Understand the Kubernetes API Primitives

The Kubernetes API is the only method for interacting with the Kubernetes system – whether the interaction is occurring on the CLI by a User or by Kubernetes itself. Everything goes through the API.

The various API objects within a Kubernetes cluster have the following responsibilities:

  • Represent the state of the system’s state.
  • Enables the configuration of the state of the system – declarative or imperative.
  • Declaratively describes the implementation of what we want the system to look.
  • Imperatively means we used the command line to make the system look like what we wanted.

There are 5 primary types of API objects within the Kubernetes system.

  • API Server is a RESTful API over HTTP using JSON.
    • All interactions with the system, either by the User or Kubernetes itself occur through the API server.
  • Pods – Containers that are deployed as a single unit
  • Controllers – Things that keep our system in the desired state.
  • Services – Persistent access point to the containers deployed within a Pod.
  • Storage – Objects for persistent storage leveraged by the Pods for the container-based application.

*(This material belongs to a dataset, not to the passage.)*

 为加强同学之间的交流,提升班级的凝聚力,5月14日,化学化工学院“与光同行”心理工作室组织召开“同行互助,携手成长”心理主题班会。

The application kubectl is not technically part of the Kubernetes cluster itself, but it is the primary means for the User to interact with the Kubernetes cluster. kubectl interacts with the API Server and our primary administration tool.


  • Construct that represents one or more containers.
  • It is the container based application and the most basic unit of work inside Kubernetes.
  • Unit of scheduling – up to Kubernetes to schedule the Pod.
  • Ephemeral – no Pod is ever re-deployed – no state is ever shared between iterations of the Pod.
  • Atomicity – they are either there or they are not.
  • A Pod definition is all about keeping the desired state.
    • Kubernetes tracks the state of every Pod.
    • Kubernetes tracks the application health of every Pod.
    • Liveness probes are leveraged to track state and health of the Pods.

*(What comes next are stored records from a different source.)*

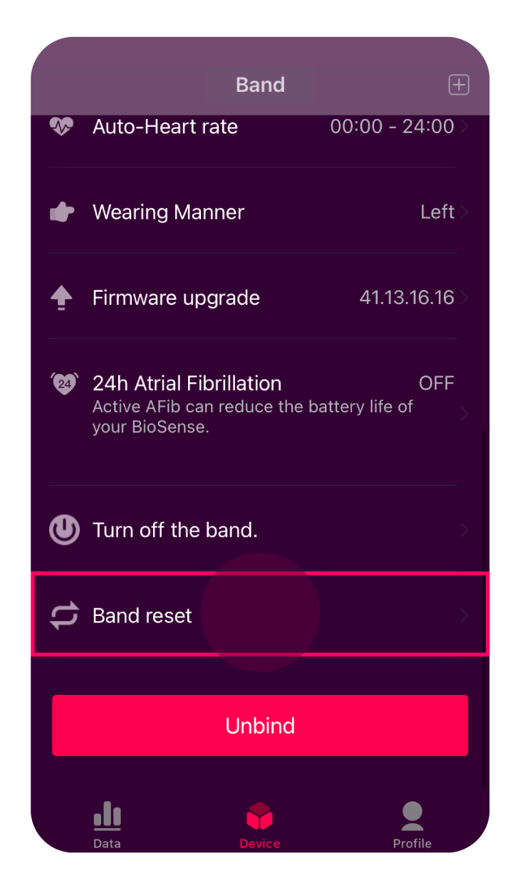 2. Scroll to “Band reset”. Tap on it.
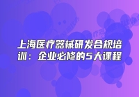 上海医疗器械研发合规培训:企业必修的5大课程医疗器械行业正经历前所未有的监管变革。在上海这个中国医疗创新的桥头堡,合规能力已成为企业存续和发展的生命线。但面对纷繁复杂的法规要求,许多研发团队常陷入“重技术、轻合规”的...
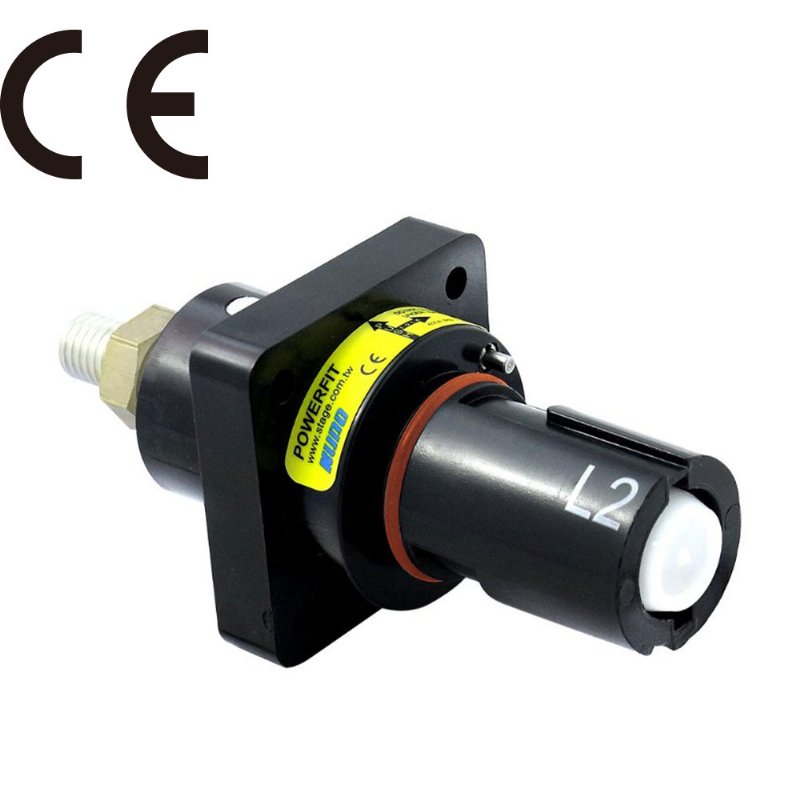 PowerFit connectors are well fabricated and compatible with major brands of single-pole power connector. The invented patent key releasing pin, particularly embedded on each line source and panel source, delivers great safety and convenience without additional tool while uncoupling. PowerFit is made in high standards. Full series employ high impact and temperature resistance thermoplastic, with flame retardant compound. Ergonomic rubber hand grip on each line connector provides the great comfort to the utility. The M40 cable gland comes standard and while connectors mated, it becomes IP67 rated. Unsurpassed pushing button design makes the handling of coupling and uncoupling easier. Respective phase and line information is clearly marked on the connectors for easy identification. The contact is made of brass with silver plated, providing excellent conductivity. Cotter pin is made of POM featuring great insulation, high stiffness, low friction and absorbent.

The sole part of Kubernetes that is responsible for tracking the state of the Pods deployed within the system.

  • Creates and manages the Pods for us.
  • Job of the controller to take the Pods definition for desired state and act appropriately.
  • Responds to the Pod state and health.
  • ReplicaSet (API Object) – Defines the number of replicas of the pods we want running at any time.
  • Deployment (API Object) – Manages the rollout of the ReplicaSet. Manages the transition between two ReplicaSets.
    • Think of moving from v1 to v2 of a container application where v1 had 2 copies of the Pod, while v2 has 4. The Deployment API Object manages the transition of the Pod state to match the new desired state.

Understand the Kubernetes Cluster Architecture

The Kubernetes architecture includes components that run solely on the Nodes and components that run solely on the Controller/Master represented logically in the diagram below.

Cluster Components

  • Master – Major control functions.
    • Primary access point for cluster administration.
    • Coordinates cluster operations and monitoring and scheduling.
  • Node – Application pods run here.
    • Ensures Pods are up and running.
    • Ensures networking and services are running.
    • Multiple nodes based on scalability requires of the cluster.
  • Scheduled/Add-Ons – Pods that provide services to the cluster.
    • DNS is an example of this.

Master – Control Plane Components

The Master is the communications hub for the Kubernetes cluster.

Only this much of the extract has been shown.